WASHINGTON (JTA) — When Rep. Eric Cantor took the stage last week at the Virginia Military Institute to deliver a wide-ranging foreign policy address, Auschwitz was on the House majority leader’s mind — and so, observers suggest, was the state of his party.
In his speech, the Virginia Republican cited his recent visit — his first — to the Nazi death camp, connecting past horrors to the present-day danger of retreating into isolationism.
“Standing there as the frigid wind swept through the eerily quiet ruins of the camp, I could not help but regret that American action in World War II came too late to save countless millions of innocent lives,” Cantor said.
While the bulk of his Feb. 17 speech was a critique of the Obama administration’s foreign policy, Cantor also seemed to take aim at anti-interventionists within the GOP.
“Many Americans, and politicians from both parties, want to believe the tide of war has receded,” he said. “As was the case in the wake of World War I, many want to believe the costly foreign interventions of recent years can simply be put behind us.”
An influential Republican congressional staffer suggested that the speech was a rejoinder to anti-interventionists in Congress and to those who allowed military spending to be cut as a result of sequestration.
“This is Cantor trying to reorient the party,” said the staffer, who was not authorized to speak on the record.
Frank Luntz, a top Republican political consultant, said Cantor was ”making a statement that the isolationists in the GOP are acting in a destructive way, that there’s one thing that unites both those on the right and those in the center — a strong America and a peaceful America.”

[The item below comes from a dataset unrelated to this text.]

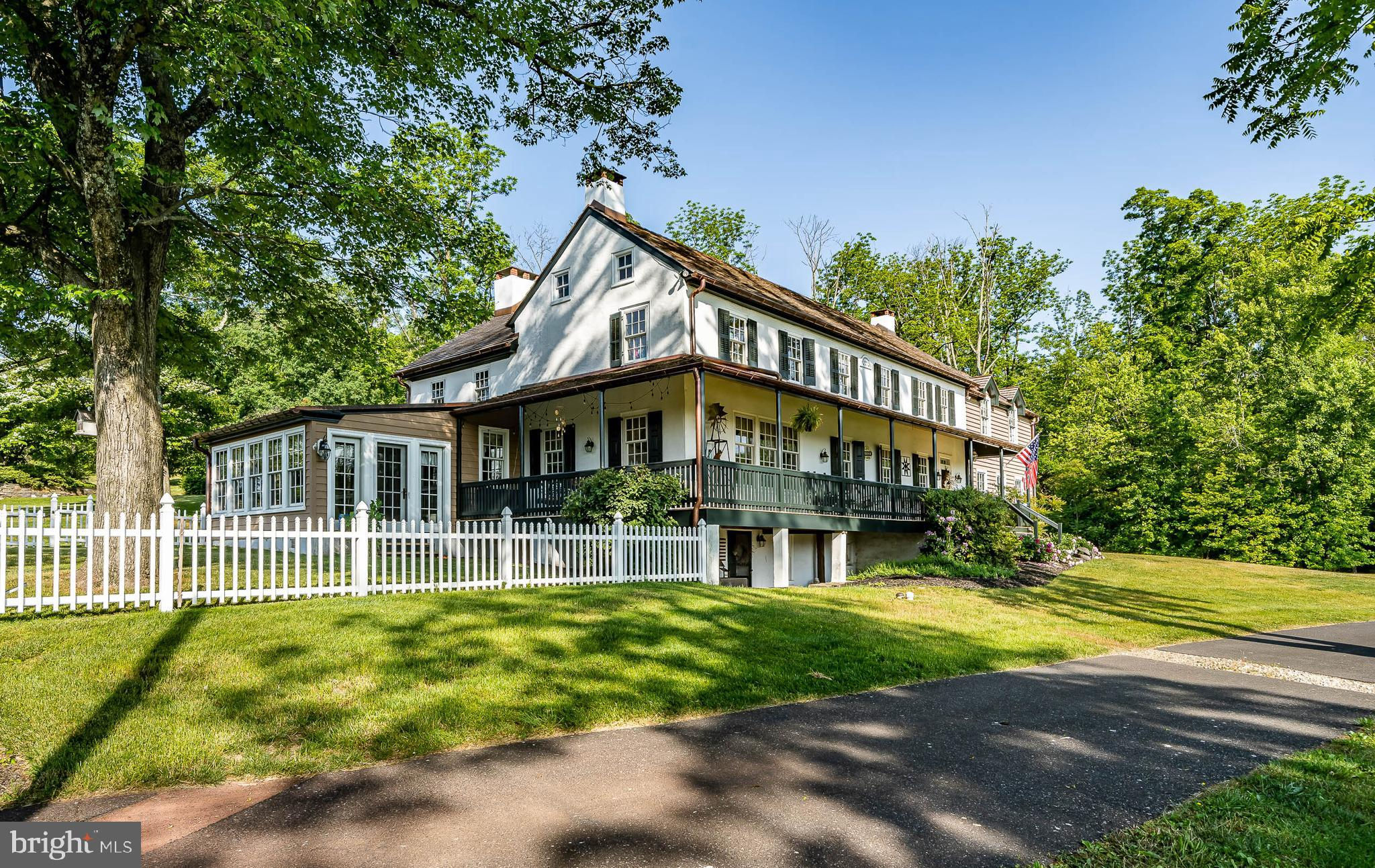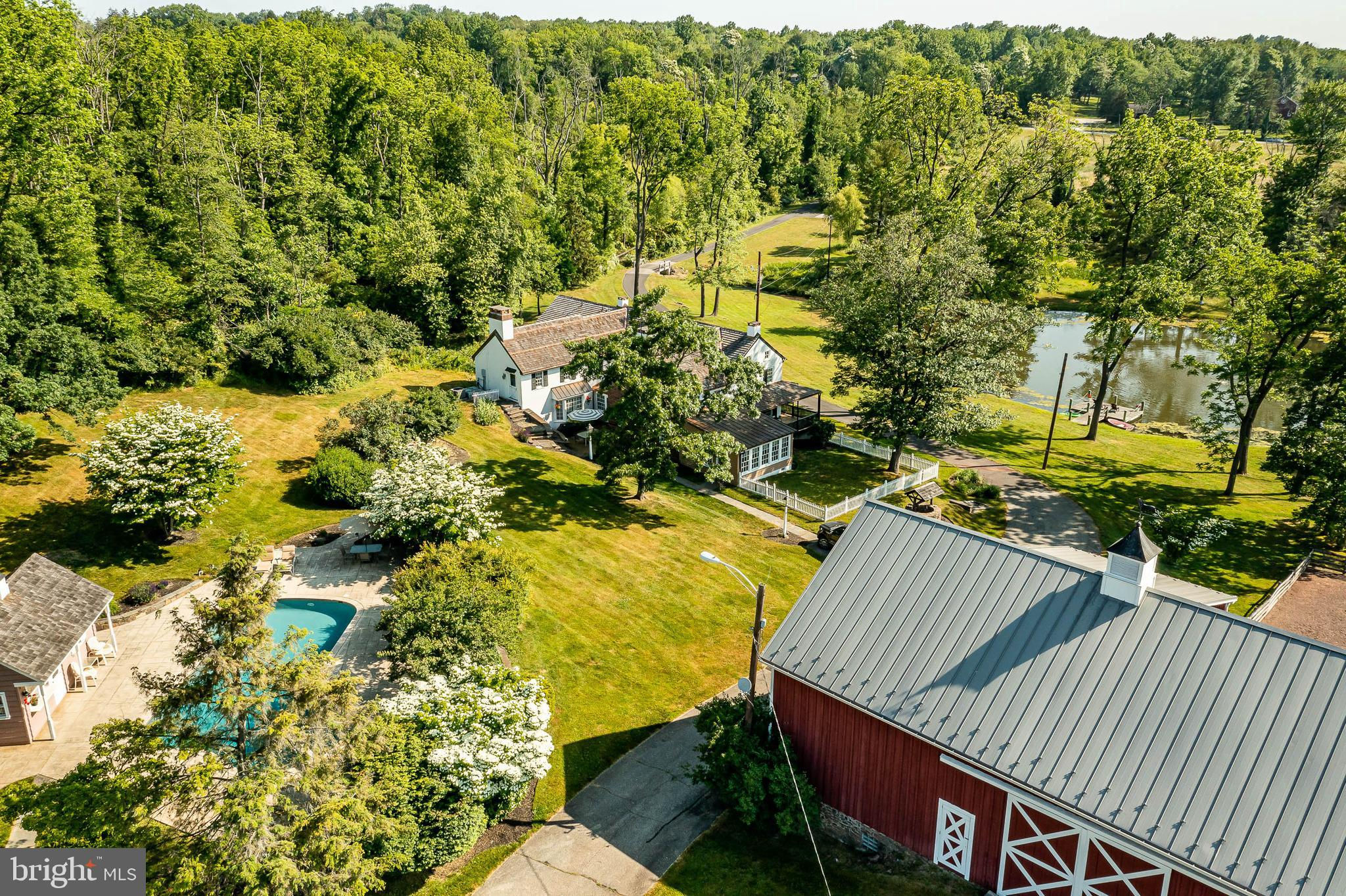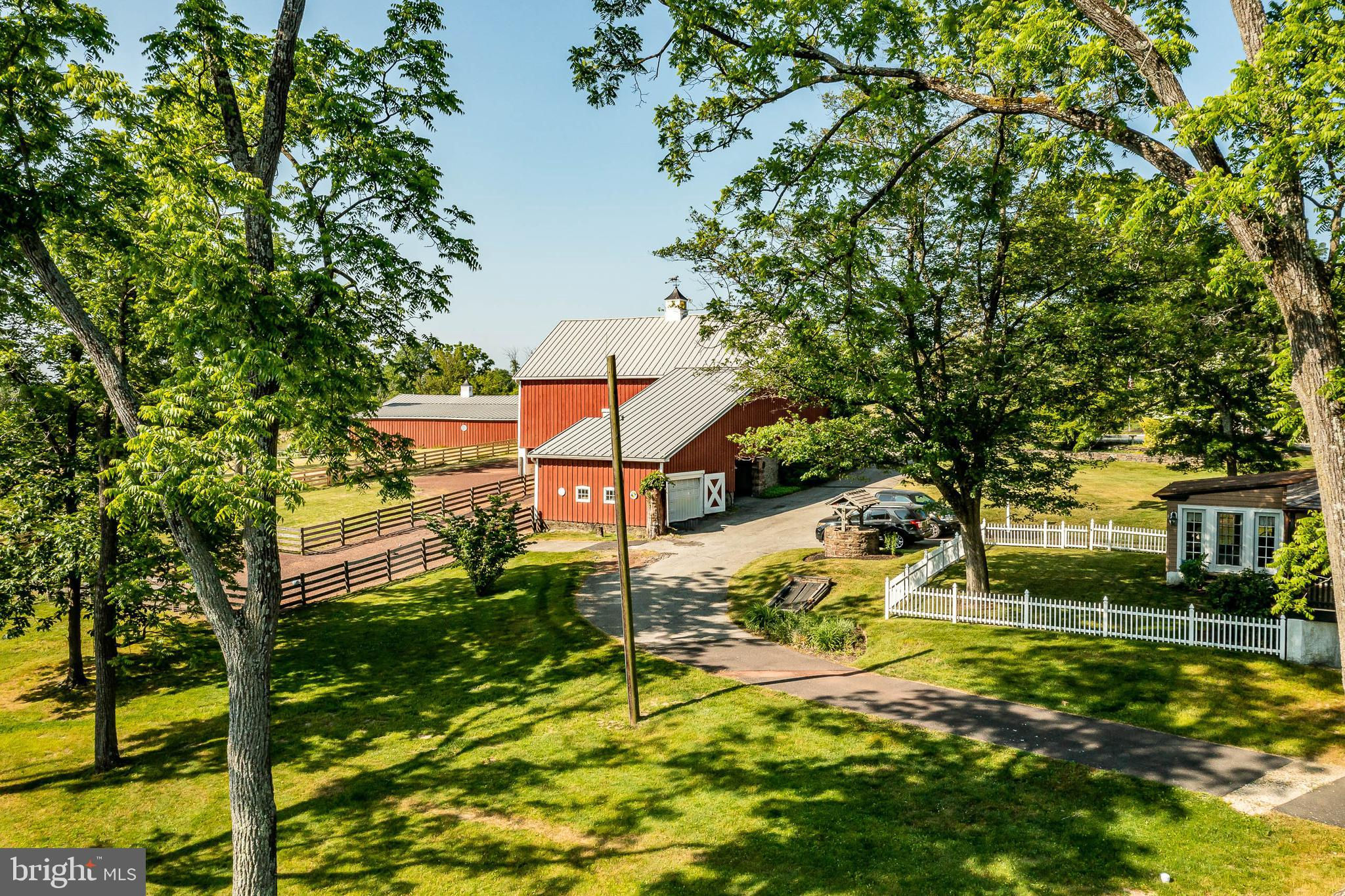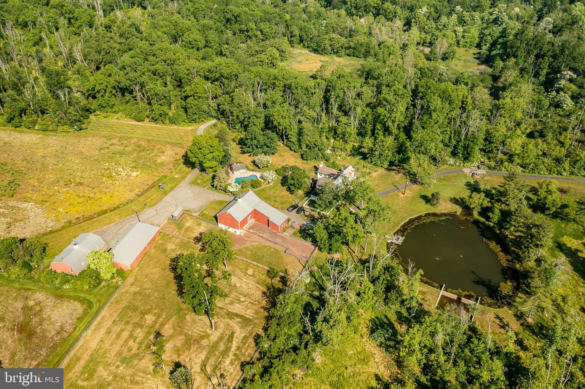 This charming, historic 1700's farmhouse home sits in a tranquil setting in Worcester Township. The sweeping driveway takes you over the re-built, professionally engineered bridge overlooking the gorgeous 8ft deep aerated pond, fully stocked with Bass and Catfish! Relax on your recliners on the IPEdock enjoying the wonderful scenic views. The home has been beautifully updated throughout. The workmanship has paid special attention to maintaining and complementing the original style and era of the home throughout, with random-width pine hardwood floors, crown moldings, updated bathrooms and so much more! The kitchen features stainless steel appliances, corian countertops and custom cabinets, yet captures the old world feel with wooden beams and a huge walk-in fireplace. The back of the house has an addition behind the kitchen which is used as a breakfast/dining area. Both the kitchen and this breakfast room have radiant heated floors. Off the kitchen is the formal dining room with a fireplace beaming with natural light from the wall of windows overlooking the pond; a perfect spot for entertaining guests! This flows into the cozy den which is just off the entryway. Plus there's a huge family room with a wood beamed ceiling, fireplace and built-in bar area. The mudroom is conveniently located off the kitchen and offers more of that farmhouse charm with brick tiled floors and walls and wooden beams.The pretty powder room, front staircase and opening the ceilings to expose the beams were updates by the current owners. To the right side of the home there is a three-story addition built by the owners, which includes a huge office on the main floor with French doors and a private IPE deck. Below on the lower level is a finished walkout basement with French doors which give access to the original basement that has storage and houses the utilities with 2 water heaters, 400 amp electric service, 5 zone A/C 6 zones for heat. The property has natural gas. The house renovation included all new systems – plumbing, electric, HVAC etc. and has a generator which powers the entire property including the house and all the outbuildings. The upper level of the addition is the master bathroom/dressing area with large walk-in closets. The 2nd floor has 4 bedrooms, with a spacious primary suite with its own cozy fireplace and plenty of closets that leads to the ensuite bathroom with double vanity, soaking jacuzzi tub, glass shower stall and French doors that open to a Julitte balcony overlooking the lush landscape. There are 3 more bedrooms and a hall bathroom with double vanity and tub/shower combo. The main house has all newer Pella windows and doors in 2022 had a new roof including cedar shake shingles, standing seam copper, copper gutters and downspouts at a cost of $200K. Sit on your lovely covered, wrap-aroundporch and take in the beauty of your surroundings. Enjoy the renovated, inground pool with decking and a quaint cabana (also renovated) which has a kitchen area, shower/powder room and changing area making entertaining pool side a breeze with built-in outdoor brick grill ovens! Touring the rest of the property, you'll find a large barn with 8 stalls that are totally rewired. There are 2 other outbuildings, one of which is a 40ft x 60ft Quonset Hut which currently houses the owner’s classic car collection;this building is heated and insulated. Within the last 10 years, the Quonset Hut, barn, and Lean-To have had new standing seam metal roofs and cypress siding installed. The cabana also has a new cedar shake roof. The Quonset Hut, barn and cabana have cupolas. The owners added a $120K dam when the pond was dredged taking it from 4ft to 8ft deep. The land is filled with meadows and trails perfect for horse riding, hiking and observing nature and abundant wildlife. Minimum 10 acres included, additional acres to be determined based on conversations with Worcester Township

The GOP is heading into this midterm election year in a state of turmoil, deeply divided between Tea Party-aligned right-wingers and establishment Republicans. Those on the right who advocate shifting toward an anti-interventionist foreign policy — a small minority among congressional Republicans — have grown louder, with Sen. Rand Paul (R-Ky.) featuring prominently among the party’s presumed 2016 presidential contenders.
The Virginia Military Institute speech is one of the ways in which Cantor — sometimes mentioned as a future House speaker or possible vice-presidential pick — has tried in recent weeks to shape his party’s agenda on both foreign and domestic policy. Earlier this month he penned an article for the venerable conservative magazine National Review outlining the House Republicans’ vision for economic and jobs growth.
But while Cantor is asserting his leadership within the party more broadly, sources who have spoken to him suggest his foreign policy address was shaped specifically by profound feelings aroused by his visit to Auschwitz.
Cantor, the only Jewish Republican in Congress, had visited Auschwitz with other members of Congress to mark International Holocaust Remembrance Day, which commemorates the anniversary of the camp’s liberation. He was there at the same time as a historic delegation that included nearly half the members of the Israeli Knesset.
“I saw him after he returned from his visit to Auschwitz, and he came over to me and he was still stunned 36 hours after he had been there,” Luntz said. “I could feel his emotional reaction five feet from him.”
William Daroff, a former Republican operative who now directs the Washington office of Jewish Federations of North America, said he had a similar conversation with Cantor a day after his return.
“He was profoundly impacted by what he had seen,” Daroff said of their phone conversation. “He’d never been to Auschwitz before. It really brings home the impact of inaction in the world scene.”
Cantor was traveling and was not available for an interview.
In his VMI speech, Cantor invoked his Jewish identity in discussing his pride in America’s role in defeating Hitler and ending the Holocaust, as well as his regret that America had not acted sooner because of the strength of isolationism. He referred to this history in calling for reasserting American leadership in the world, which he argued had been undermined by President Obama.
“This isolationist sentiment lasted years, until the bombing of Pearl Harbor woke the American people from their slumber,” he said. “We must not repeat the same mistake by reducing our preparedness, accepting the notion that we are one of many or ceding global leadership to others.”
In 45 minutes, Cantor swept through what he described as an Obama administration foreign policy characterized by “hollow rhetoric, unwise or elastic timelines, and unenforced red lines” vis-a-vis repressive regimes in Iran, North Korea and Syria, as well as failings in dealing with Russia, China and extremism in post-Gadhafi Libya.
Iran was a major focus of the speech, with Cantor alluding to calls by past Iranian leaders for Israel’s disappearance and saying that the interim nuclear deal that set the stage for talks now underway between the major powers and Iran had given away too much for too little.
“Like all Americans, I hope to see Iran abandon its nuclear aspirations through peaceful negotiations, but hope is not a strategy,” he said.